### WHAT TO PRODUCE:
Repeat everything from the first line of the listing below through the line that contains "這是時任雙湖特別區(qū)(現(xiàn", exactly. Leave out pictures.

━━━

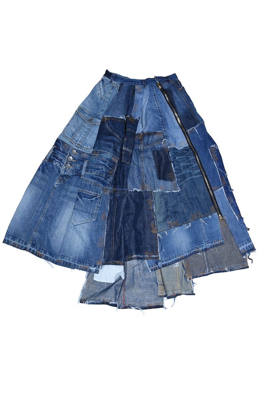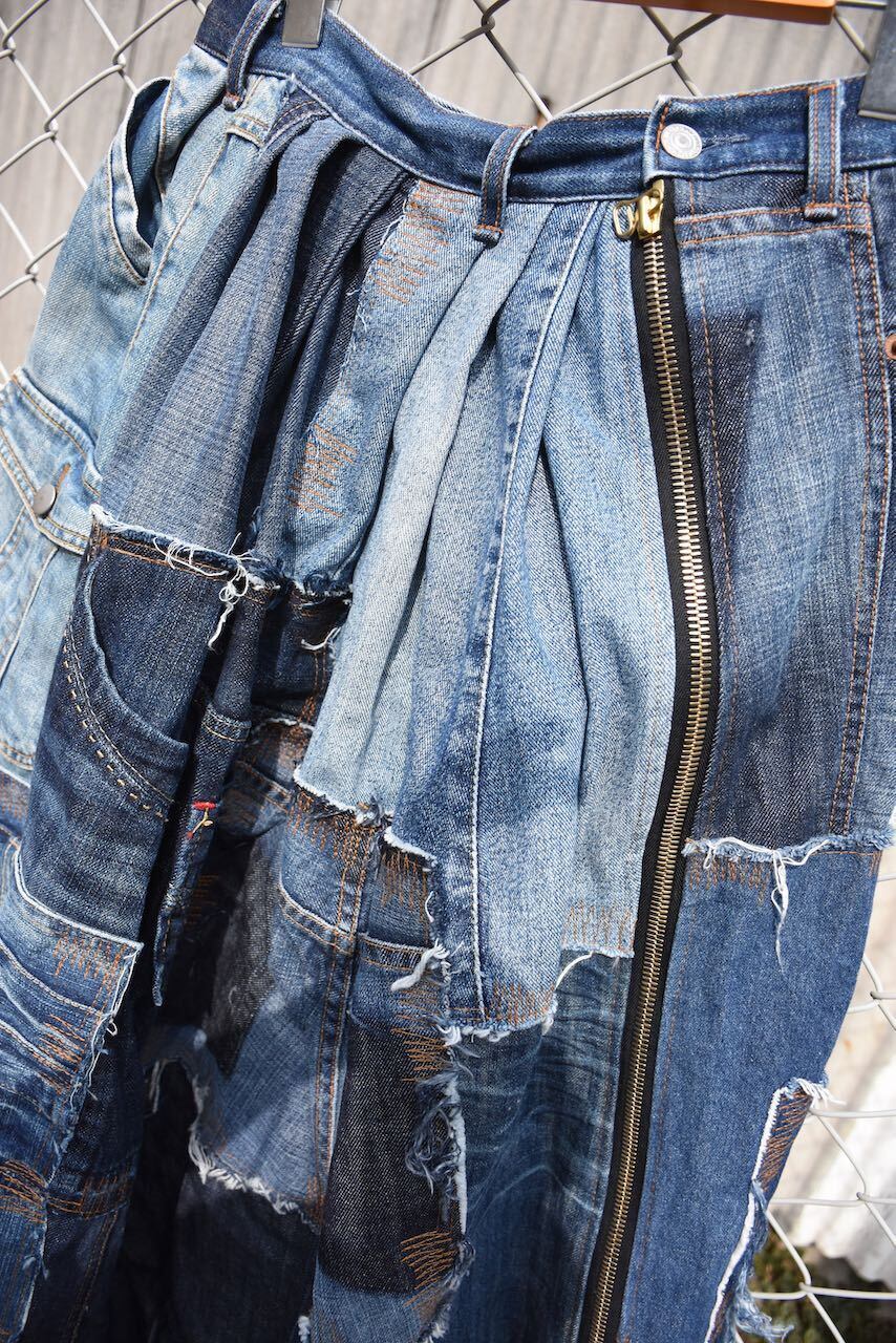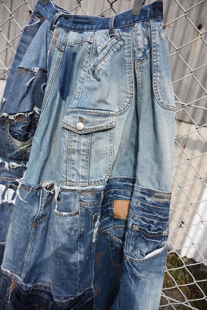 デニムパンツを解体して作ったパッチワークアシンメトリースカート
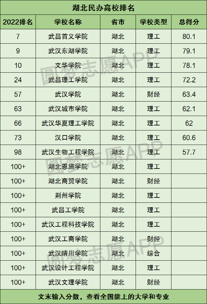 湖北民办大学有武昌首义学院、武汉东湖学院、文华学院、武昌理工学院、武汉学院等。根据软科2022民办高校排名,小编为大家整理出了湖北省民办本科大学在全国高校中的排名。具体见下图:
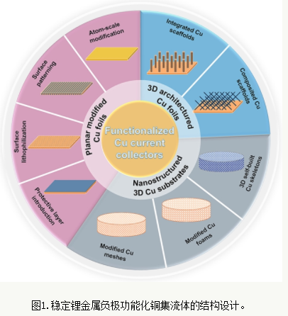(1)銅箔的平面化改性:主要涉及銅箔的原子級(jí)改性、圖案化設(shè)計(jì)、親鋰性位點(diǎn)修飾以及界面保護(hù)層構(gòu)筑,調(diào)控集流體本征性質(zhì)和表面電場(chǎng)/離子場(chǎng)分布,誘導(dǎo)鋰金屬均勻形核和沉積。
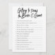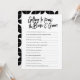 Getting to know the bride and groom - A fun shower game with questions about both the bride and the groom. A modern script for the title with a mid century pattern on the back.
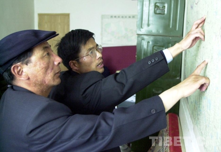 這是時任雙湖特別區(qū)(現(xiàn)雙湖縣)區(qū)委書記的范科創(chuàng)(右)與副區(qū)長珠巨(左)在研究當?shù)氐慕?jīng)濟發(fā)展規(guī)劃。為了無人區(qū)開發(fā)事業(yè),范科創(chuàng)在這里默默奉獻了15個春秋。1986年,他被西藏自治區(qū)黨委授予“優(yōu)秀黨務(wù)工作者”榮譽稱號(唐召明2001年攝)
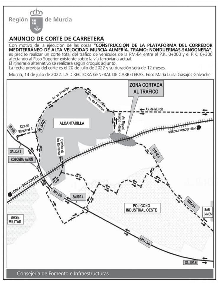 El corte se hará efectivo a partir de mañana miércoles por la mañana. En la práctica supone cortar la principal vía de acceso desde Alcantarilla al Polígono Industrial. Como alternativas están el acceso a la RM-E4 desde el paso del Recinto de Fiestas o desde el paso del Camino de los Romanos. El camino de la Voz Negra permanecerá abierto.
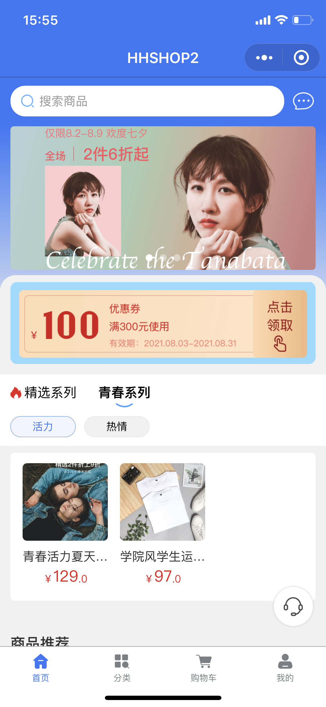 在“首頁”板塊,主要包括banner區(qū)、優(yōu)惠活動區(qū)以及系列主題分區(qū)。Banner區(qū)主要展示店鋪的優(yōu)惠活動的海報,或商品上新的海報,或其他熱銷商品的精美圖片,吸引用戶的注意力。商家可根據(jù)商品情況或活動進(jìn)度在后臺實時更新替換banner圖,為用戶提供最新資訊。

━━━

### THE COMPLETED TASK:
 デニムパンツを解体して作ったパッチワークアシンメトリースカート
 湖北民办大学有武昌首义学院、武汉东湖学院、文华学院、武昌理工学院、武汉学院等。根据软科2022民办高校排名,小编为大家整理出了湖北省民办本科大学在全国高校中的排名。具体见下图:
(1)銅箔的平面化改性:主要涉及銅箔的原子級(jí)改性、圖案化設(shè)計(jì)、親鋰性位點(diǎn)修飾以及界面保護(hù)層構(gòu)筑,調(diào)控集流體本征性質(zhì)和表面電場(chǎng)/離子場(chǎng)分布,誘導(dǎo)鋰金屬均勻形核和沉積。
 Getting to know the bride and groom - A fun shower game with questions about both the bride and the groom. A modern script for the title with a mid century pattern on the back.
 這是時任雙湖特別區(qū)(現(xiàn)雙湖縣)區(qū)委書記的范科創(chuàng)(右)與副區(qū)長珠巨(左)在研究當?shù)氐慕?jīng)濟發(fā)展規(guī)劃。為了無人區(qū)開發(fā)事業(yè),范科創(chuàng)在這里默默奉獻了15個春秋。1986年,他被西藏自治區(qū)黨委授予“優(yōu)秀黨務(wù)工作者”榮譽稱號(唐召明2001年攝)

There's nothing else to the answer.